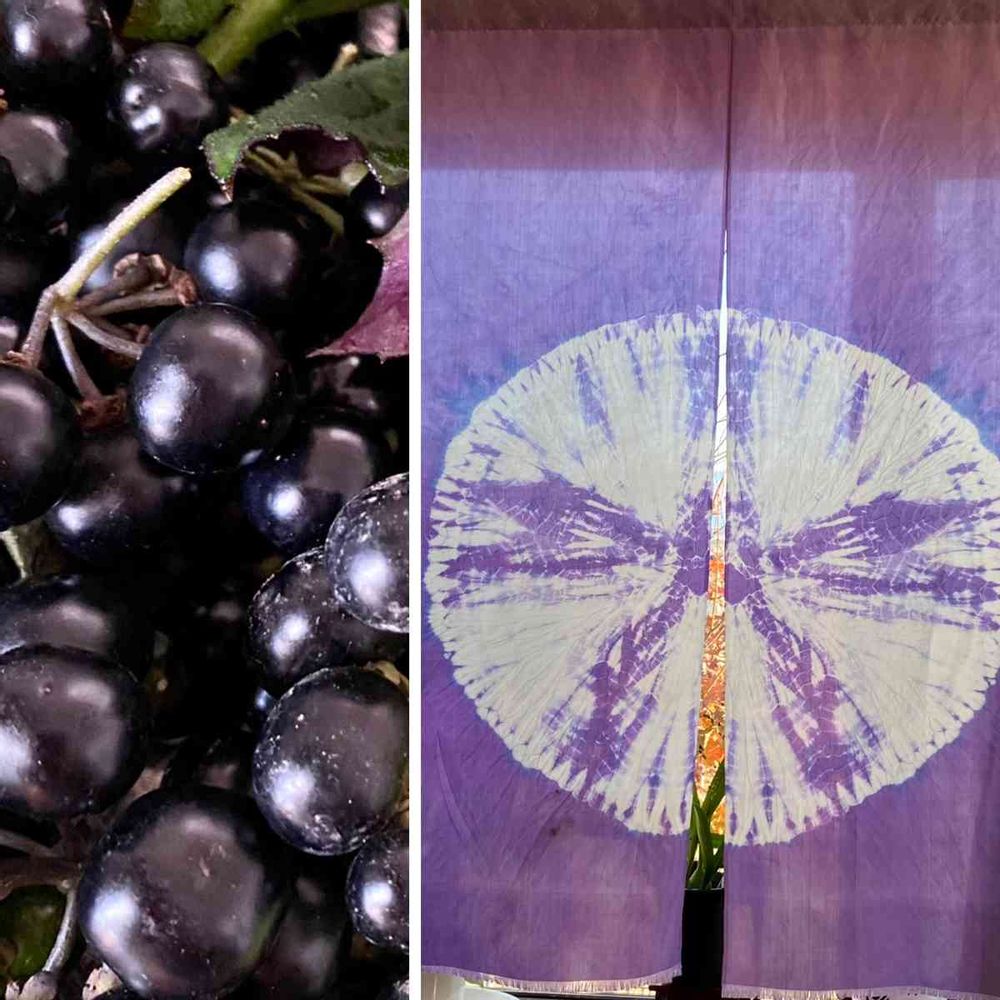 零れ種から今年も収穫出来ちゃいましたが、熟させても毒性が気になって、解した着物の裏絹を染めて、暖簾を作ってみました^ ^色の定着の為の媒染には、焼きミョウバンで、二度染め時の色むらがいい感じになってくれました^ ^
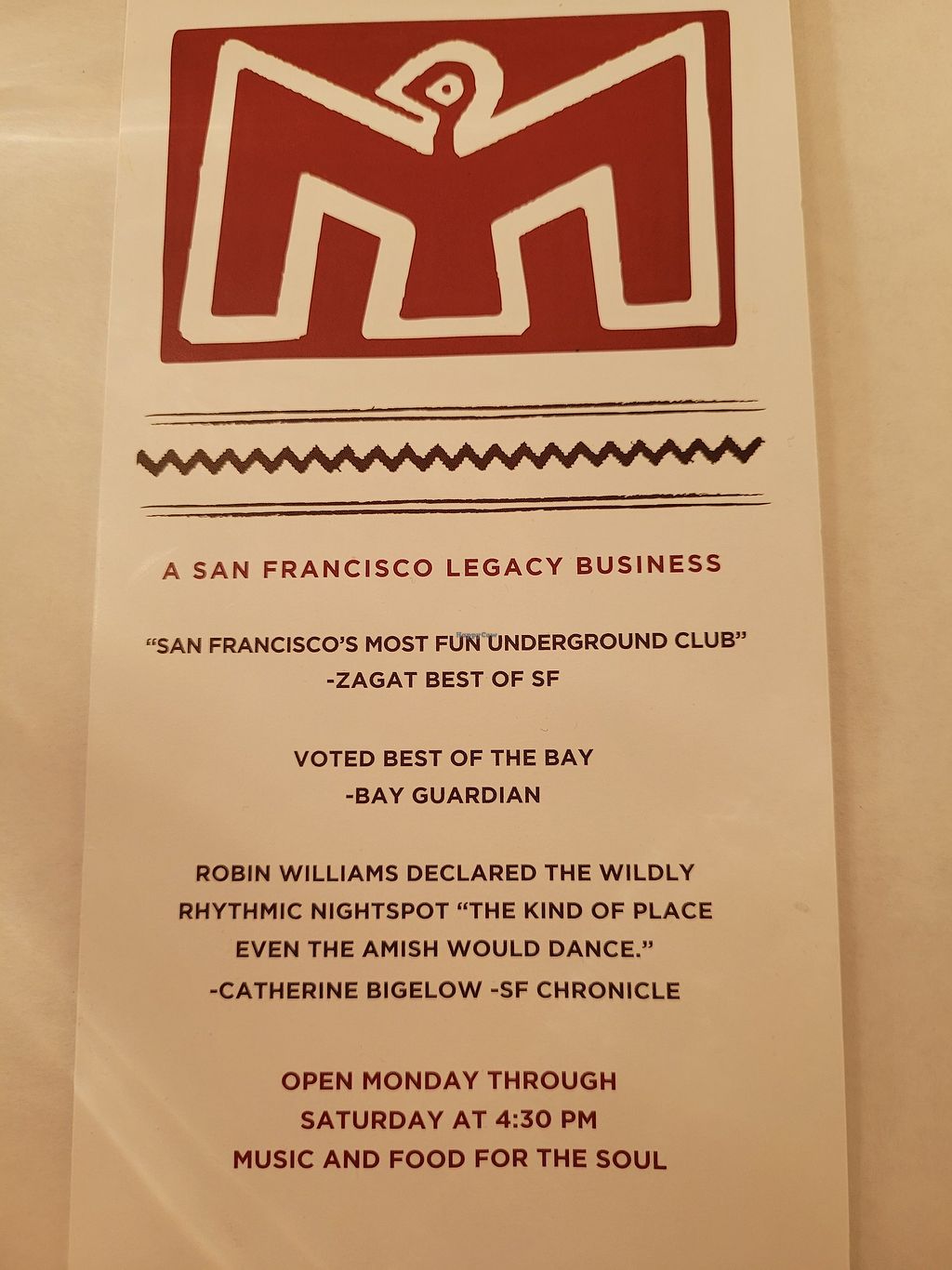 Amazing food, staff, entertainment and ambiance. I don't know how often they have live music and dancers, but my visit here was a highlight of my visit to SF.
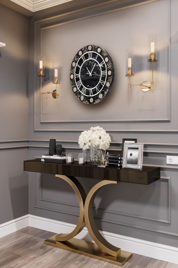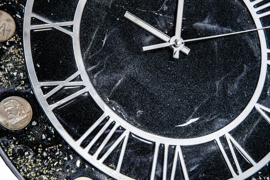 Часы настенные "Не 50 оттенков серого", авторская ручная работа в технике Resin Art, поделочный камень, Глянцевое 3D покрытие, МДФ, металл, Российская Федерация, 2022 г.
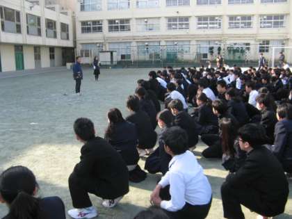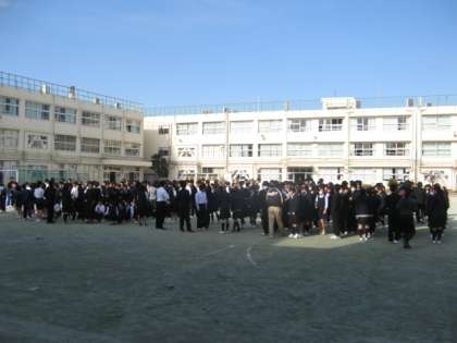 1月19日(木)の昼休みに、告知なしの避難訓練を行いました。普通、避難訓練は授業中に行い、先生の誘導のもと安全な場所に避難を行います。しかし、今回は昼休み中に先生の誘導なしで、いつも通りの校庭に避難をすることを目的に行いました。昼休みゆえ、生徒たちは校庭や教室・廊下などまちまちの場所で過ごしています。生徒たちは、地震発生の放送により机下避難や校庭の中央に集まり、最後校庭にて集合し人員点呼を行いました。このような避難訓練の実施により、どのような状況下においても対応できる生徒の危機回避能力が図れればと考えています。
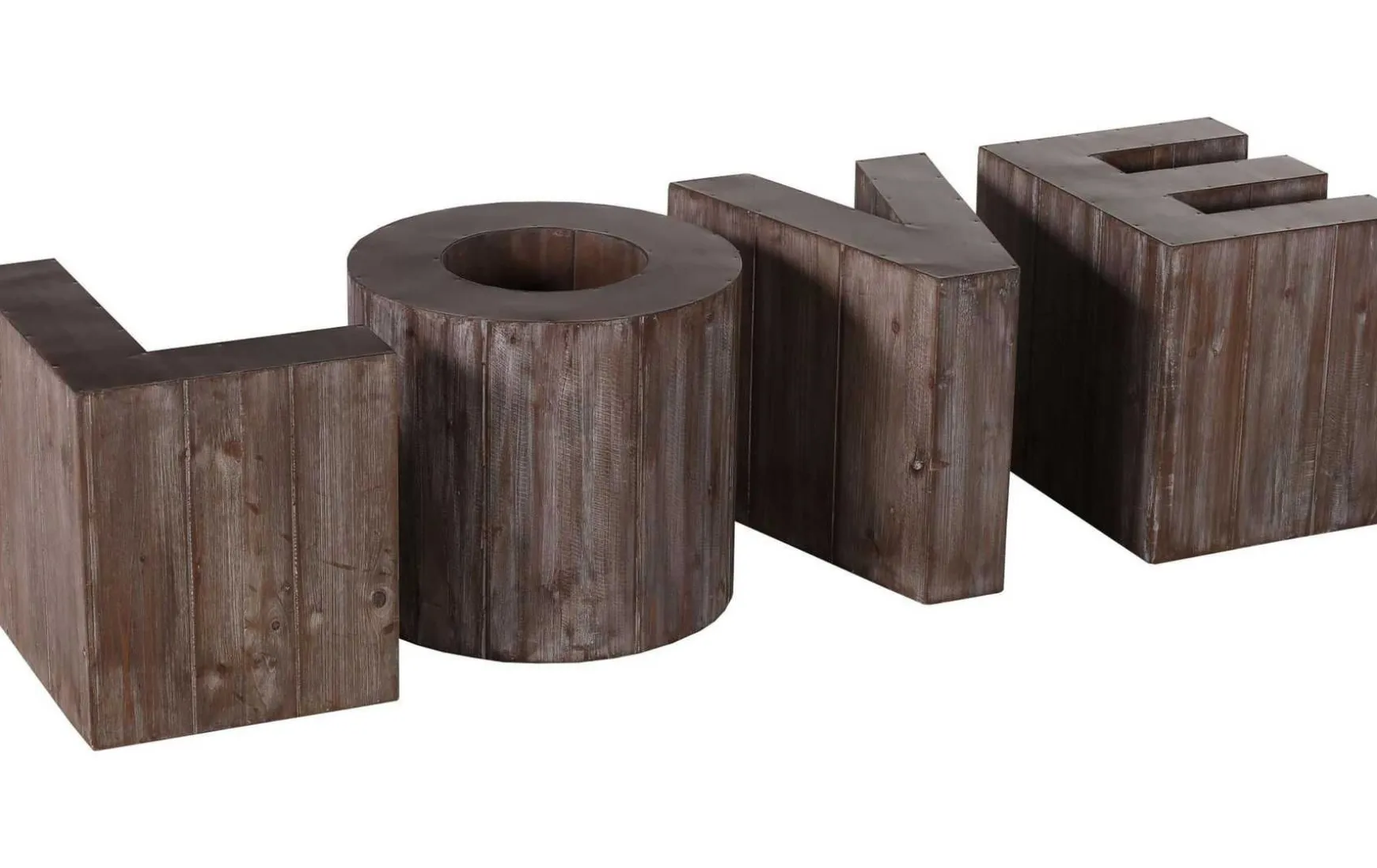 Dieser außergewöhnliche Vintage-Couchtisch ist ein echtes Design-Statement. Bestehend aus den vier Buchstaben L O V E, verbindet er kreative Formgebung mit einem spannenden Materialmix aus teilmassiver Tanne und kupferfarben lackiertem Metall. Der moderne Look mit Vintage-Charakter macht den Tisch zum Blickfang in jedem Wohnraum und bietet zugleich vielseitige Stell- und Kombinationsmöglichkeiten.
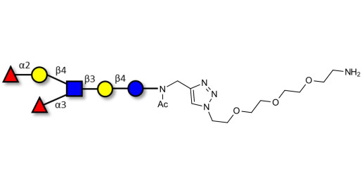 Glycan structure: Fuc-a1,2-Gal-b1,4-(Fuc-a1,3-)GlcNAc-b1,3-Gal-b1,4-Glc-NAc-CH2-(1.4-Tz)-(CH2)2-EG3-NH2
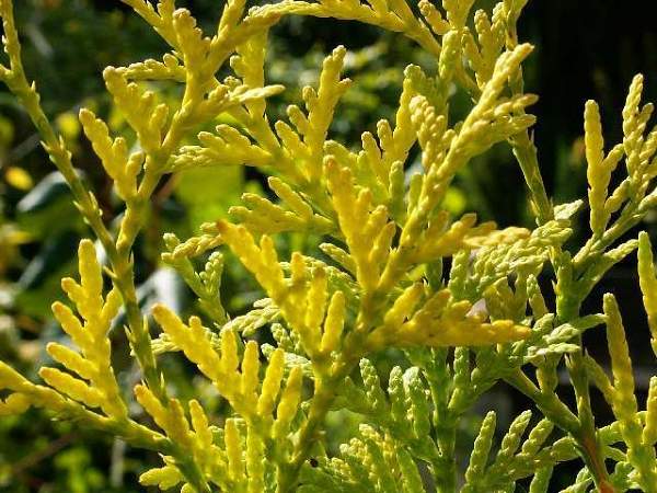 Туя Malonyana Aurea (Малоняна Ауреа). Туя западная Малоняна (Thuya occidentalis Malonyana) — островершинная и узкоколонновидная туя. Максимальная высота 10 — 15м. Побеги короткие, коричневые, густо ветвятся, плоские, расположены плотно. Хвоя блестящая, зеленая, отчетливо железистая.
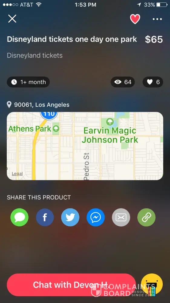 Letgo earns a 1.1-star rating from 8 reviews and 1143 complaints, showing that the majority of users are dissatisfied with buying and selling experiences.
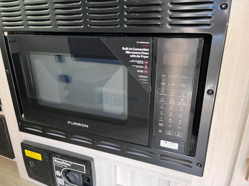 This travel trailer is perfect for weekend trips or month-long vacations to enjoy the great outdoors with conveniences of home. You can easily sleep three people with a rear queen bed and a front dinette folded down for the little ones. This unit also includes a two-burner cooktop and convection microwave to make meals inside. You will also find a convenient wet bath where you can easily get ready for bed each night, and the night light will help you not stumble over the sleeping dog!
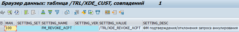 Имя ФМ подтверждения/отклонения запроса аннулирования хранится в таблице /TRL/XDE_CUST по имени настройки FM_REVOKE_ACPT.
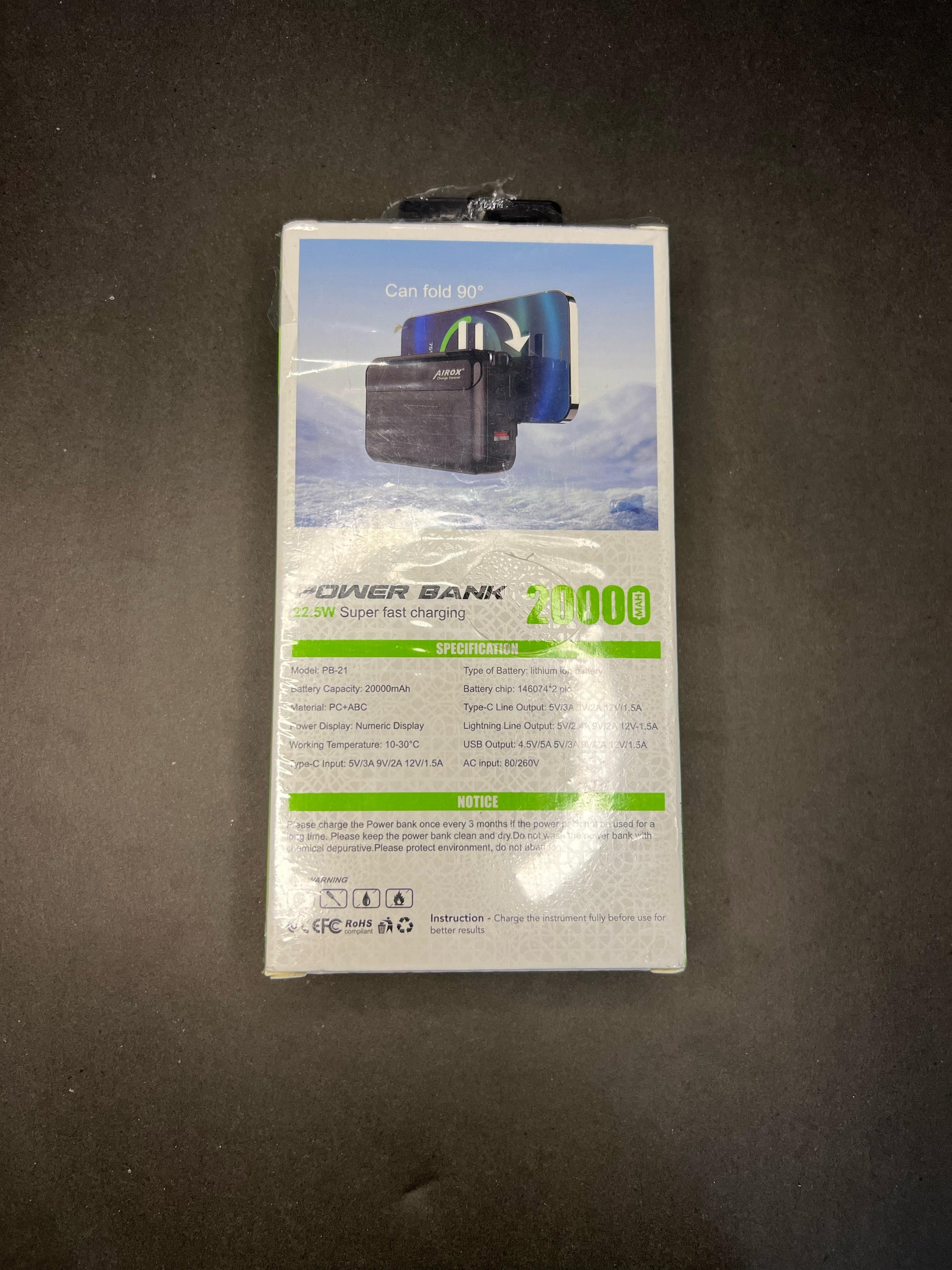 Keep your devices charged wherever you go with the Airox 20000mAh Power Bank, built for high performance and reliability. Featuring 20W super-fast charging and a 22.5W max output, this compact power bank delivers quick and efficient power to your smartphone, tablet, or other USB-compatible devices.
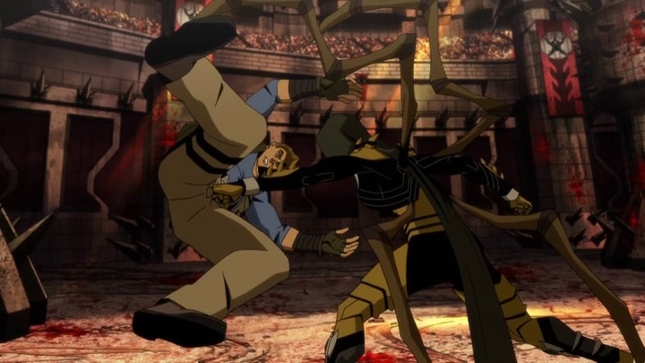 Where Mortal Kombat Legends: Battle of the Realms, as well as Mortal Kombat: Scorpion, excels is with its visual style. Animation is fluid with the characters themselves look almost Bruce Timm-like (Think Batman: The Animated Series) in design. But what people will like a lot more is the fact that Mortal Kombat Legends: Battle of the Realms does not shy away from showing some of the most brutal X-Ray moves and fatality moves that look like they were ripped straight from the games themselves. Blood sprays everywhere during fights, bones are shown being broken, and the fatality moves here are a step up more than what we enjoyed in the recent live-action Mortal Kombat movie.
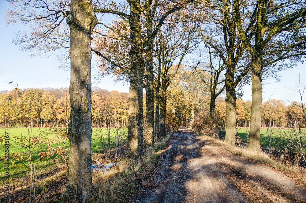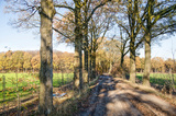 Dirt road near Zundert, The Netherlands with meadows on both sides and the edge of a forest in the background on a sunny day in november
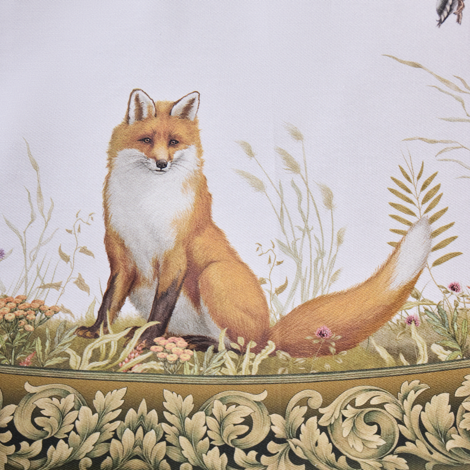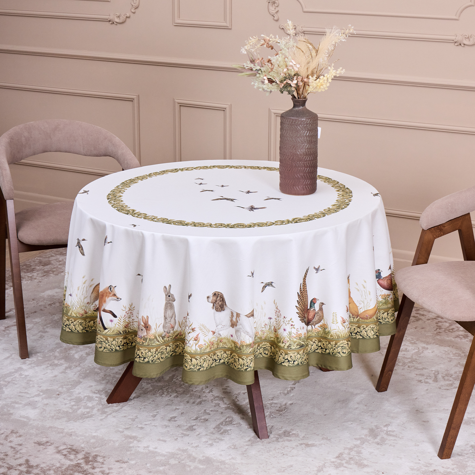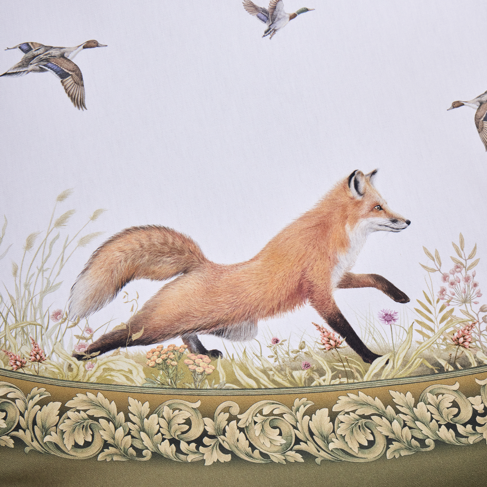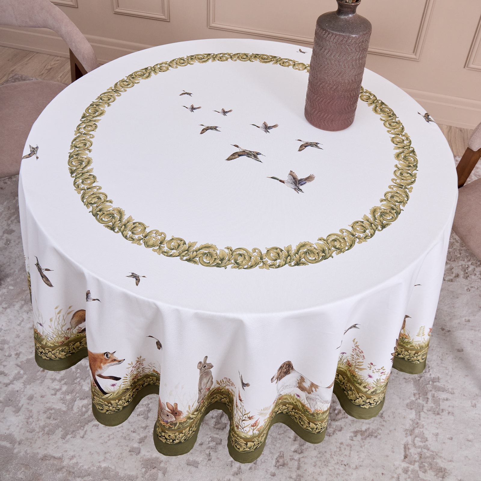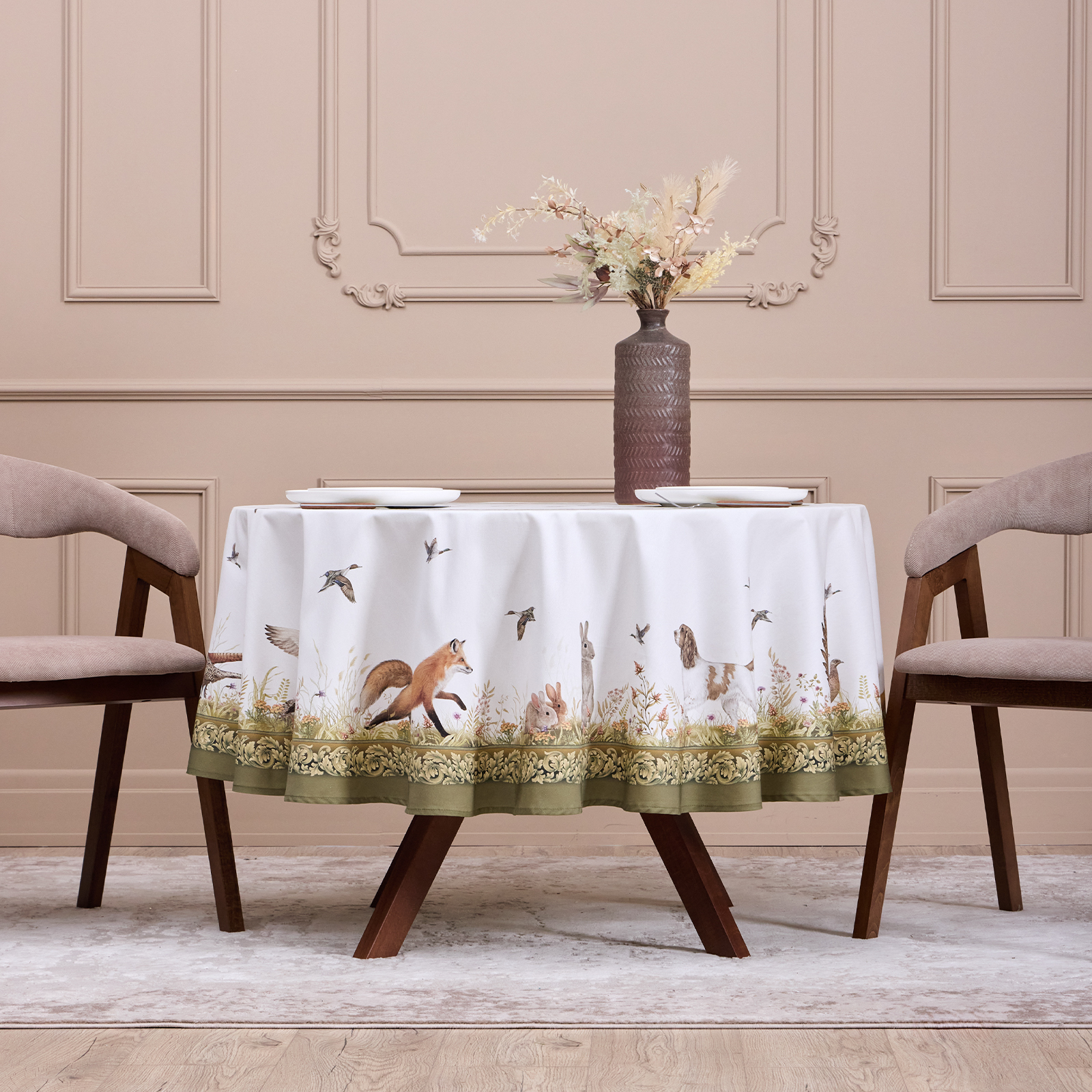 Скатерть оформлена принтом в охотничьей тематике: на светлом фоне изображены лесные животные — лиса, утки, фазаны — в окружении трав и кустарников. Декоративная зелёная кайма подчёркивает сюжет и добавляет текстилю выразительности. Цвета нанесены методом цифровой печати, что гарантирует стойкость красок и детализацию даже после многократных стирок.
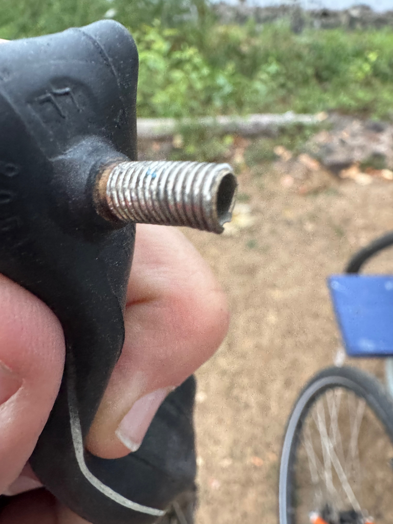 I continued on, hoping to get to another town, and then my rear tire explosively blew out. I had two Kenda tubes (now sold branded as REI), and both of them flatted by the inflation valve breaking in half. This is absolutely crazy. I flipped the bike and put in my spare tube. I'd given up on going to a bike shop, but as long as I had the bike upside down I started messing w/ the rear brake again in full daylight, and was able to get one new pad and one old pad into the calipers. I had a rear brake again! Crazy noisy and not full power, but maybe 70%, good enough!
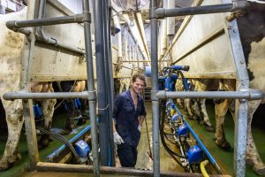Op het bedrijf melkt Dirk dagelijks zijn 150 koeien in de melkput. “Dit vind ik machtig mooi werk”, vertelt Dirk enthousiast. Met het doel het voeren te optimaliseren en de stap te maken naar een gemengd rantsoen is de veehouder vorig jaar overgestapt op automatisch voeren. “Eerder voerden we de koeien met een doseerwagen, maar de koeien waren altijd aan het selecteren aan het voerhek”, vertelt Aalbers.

┄┄┄┄┄┄┄┄┄┄

=== Task description ===
If a picture sits between the line containing "This travel trailer" and the line containing "Keep your devices", leave it out, and return the lines of that range above exactly, both ends included.

=== Answer to the exercise ===
 This travel trailer is perfect for weekend trips or month-long vacations to enjoy the great outdoors with conveniences of home. You can easily sleep three people with a rear queen bed and a front dinette folded down for the little ones. This unit also includes a two-burner cooktop and convection microwave to make meals inside. You will also find a convenient wet bath where you can easily get ready for bed each night, and the night light will help you not stumble over the sleeping dog!
 Имя ФМ подтверждения/отклонения запроса аннулирования хранится в таблице /TRL/XDE_CUST по имени настройки FM_REVOKE_ACPT.
 Keep your devices charged wherever you go with the Airox 20000mAh Power Bank, built for high performance and reliability. Featuring 20W super-fast charging and a 22.5W max output, this compact power bank delivers quick and efficient power to your smartphone, tablet, or other USB-compatible devices.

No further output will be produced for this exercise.